Building Partnerships with Professor Guy Lloyd-Jones

Forbes Chair of Organic Chemistry, Professor Guy Lloyd-Jones, discusses his collaboration with TgK Scientific and how Edinburgh Innovations guided his project from the very beginning, helping him understand IP and patenting requirements.

Professor Guy Lloyd-Jones




Professor Guy Lloyd-Jones, School of Chemistry:

My name is Guy Lloyd-Jones. I'm an organic chemist here at the University of Edinburgh. My special area of interest is reaction mechanism.

The best technique for organic chemistry, for studying reactions and reactions medius, is Nuclear Magnetic Resonance, NMR. The initial aim was to generate an instrument, a new stopped-flow instrument, that we could use to look at reaction mechanisms.

I had no previous experience with stopped-flow. TgK Scientific had no previous experience with NMR. We began discussions. So, what we’ve developed is a probe and the reaction, instead of being assembled outside the instrument and placed in, all the reactants are held at a controlled temperature environment in this region and are mixed rapidly and then squirted into the tube here. So within about a tenth of a second, we can start measuring the reaction. For a fast reaction that’s pivotal in terms of watching things appear and disappear; information you'd never get with a conventional technique.

Through discussions with colleagues in other universities and Industry, it became obvious that this new technique – which we were just getting going at the time – would be very, very useful and there would be a demand for it as a product.  

EI [Edinburgh Innovations] were instrumental in guiding us down that first path of what IP we could protect, the technical drawings, and whether we should patent or not.

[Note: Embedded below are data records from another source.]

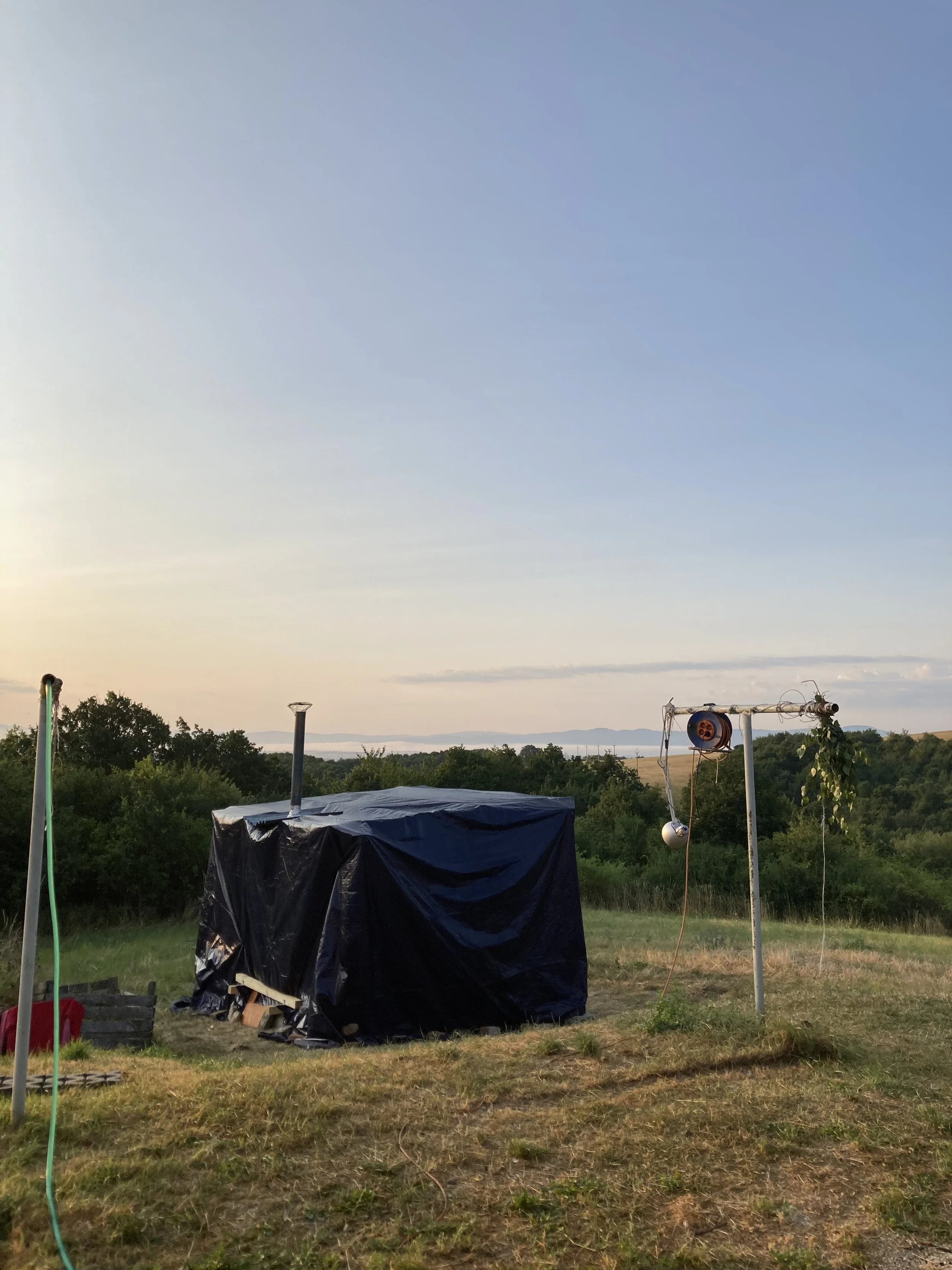 “Midsamr Simulátor challenges the structure of time in the fields of Slovakian countryside. Midsamr is a Slovak linguistic facilitation of midsummer, a yearly semi-pop-culturalized pagan festival primarily celebrated in northern Europe at the end of June. In Podhradie, the Simulátor aims to make such stiff conceptions of linearity unimportant and honors the present in-between the curtains of the steam of life. However, of course the pickles need to be prepared in time and according to the traditional recipe, just in case the poor Simulátor faces challenges as the winter comes.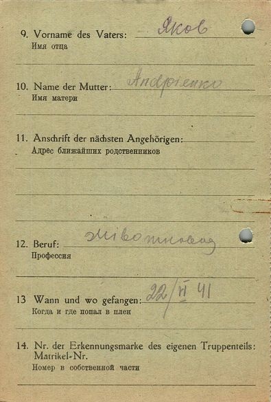 Военнопленные, трофейные карточки. Киевская обл.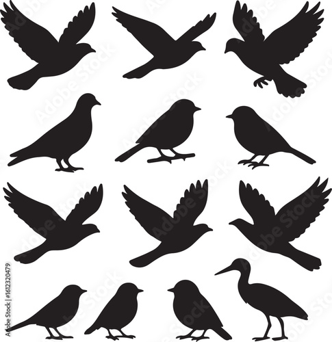 © chhaifunnahar, Fototapeta premium vector set of bird silhouettes on white background

It was the Technology Transfer team that were instrumental, and I have great admiration for them for that.

So, I think a very important part of the overall process was the fact that the Business Development Executive was based, embedded, within the Chemistry department and so we’d already built up a relationship informally, day-to-day. Through our discussions about what was going on in my lab, it became clear that the device we developed with TgK, for this rapid assembly of reactions, could be a really important commercial product for both TgK and the University.

And what the IAA funding allowed us to do was take a postdoc off an existing project, excise them for six months with funding for their time, and the consumables required for the project and that bootstrapped the whole process and got us to market.


Ted King, TgK Scientific Ltd:

Our collaboration involved introducing a rapid mixing system into an NMR spectrometer and the funding enabled us to be very focused in bringing forward the development and that was successful. We were able to produce a commercially viable product. This has positive results for us as a business selling the product and it has positive results for science because it’s going to enable in-situ monitoring of fast reactions in NMR.


Professor Guy Lloyd-Jones, School of Chemistry:

Working with Industry allows me to quite often see that there are fundamental problems that apply directly to the processes that Industry are using, that they don’t have the time or expertise to solve. I’ve been able to apply fundamental research in an academic setting to help solve some of those problems with Industry.